Roche and Novartis are the only two out of a group of 10 leading pharmaceutical companies with at least one targeted drug therapy on the market which are likely to become leaders in the field of personalised medicine, says a new study.

The report classifies the two companies as "disruptors," ie, those able to competitively reshape therapy areas via personalised medicine. Both Roche and Novartis have the capacity to "upset normal competitive dynamics in a specific therapy area by shaping payers', regulators' and physicians' expectations of value," according to Peter Keeling, chief executive of change management and consulting firm Diaceutics, which carried out the research.

The firm's review of the 10 leading drugmakers, which classifies them according to their potential to capitalise on opportunities in personalised medicine, sees at Roche an excellent capacity for personalised medicine innovation and a robust strategy in the field, while Novartis has more recently focused on building its internal molecular diagnosis unit and has developed a clinical pipeline with a focus on personalised medicine, it says.

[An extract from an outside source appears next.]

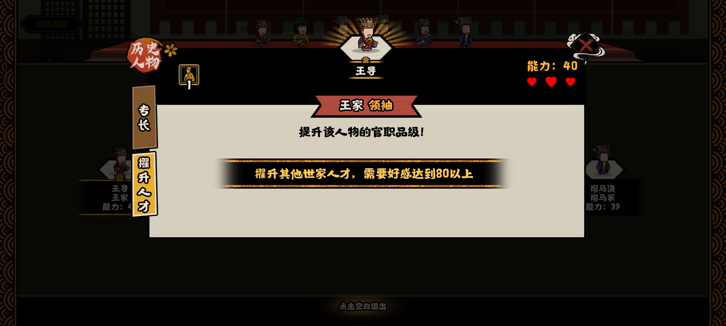 游戏里招到王导要80好感,我们开局就拉好感,捐赠卡牌直接给王导,招到之后王家势力大减。
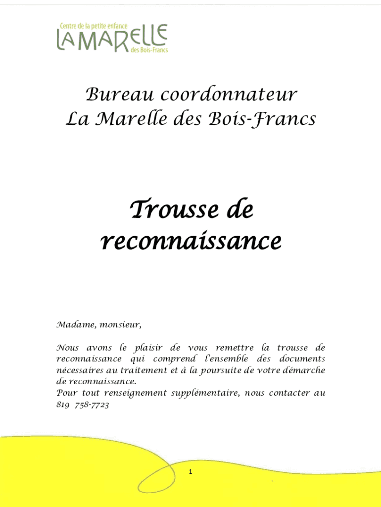 Bureau coordonnateur La Marble DES BoisFrancsTrousse de reconnaissanceMadame, monsieur, Nous Avon LE plainer DE vows resettle la trouble DE reconnaissance quit comp rend ensemble DES documents necessaries

The next rank after the "disruptors" are "breakaway" companies, ie those positioned - based on the carefully selected, proactive investments which they have made - to migrate their operating models and corporate structures in order to successfully commercialise targeted therapies.

Diaceutics finds four such "breakaway" firms - AstraZeneca, Eli Lilly, Bristol-Myers Squibb and Pfizer - which, it believes, are likely to accelerate their activities and improve their commercial infrastructure for targeted therapies over the next 24-36 months. It judges all four companies as having roughly equal potential to commercialise targeted therapies, but believes that AstraZeneca, Lilly and Bristol-Myers Squibb, with their internal personalised medicine strategy teams, will likely be better organised internally to develop potential therapies and companion diagnostics. Pfizer, on the other hand, has a promising clinical pipeline for personalised medicine, it adds.

Whether these four attain "disruptor" status depends on whether their boards and senior management decide to migrate to a future culture and infrastructure based predominantly on personalised medicine, says the study.

The four remaining companies - GlaxoSmithKline, Sanofi-Aventis, Amgen and Merck & Co - are rated as "followers," ie, most likely to respond to the actions of other companies.

"Followers" have few commercial successes in this space and thus little commercial experience, and are more likely to strive to maintain their existing business models, rather than adapt them for personalised medicine, says the report. 

Most drugmakers say they are ready for personalised medicine, and their development pipelines are filling up with opportunities, says Diaceutics, whose report finds that 46% of all new therapies currently in Phase III R&D could benefit from a personalised medicine strategy. Other studies have suggested that only 10% of such therapies are potential personalised medicine/targeted therapies, but the firm believes that the standard definition being used in the industry is narrow.

"In fact, any therapy that will directly benefit from a new or reshaped diagnostic approach should be considered personalised medicine," according to Mr Keeling. Moreover, the analysis finds that, in contrast to the belief held by many firms that personalised medicine will create smaller markets or less revenue, about half of the companies assessed in the report have a personalised therapy currently on the market that is near or above blockbuster-level sales of $1 billion.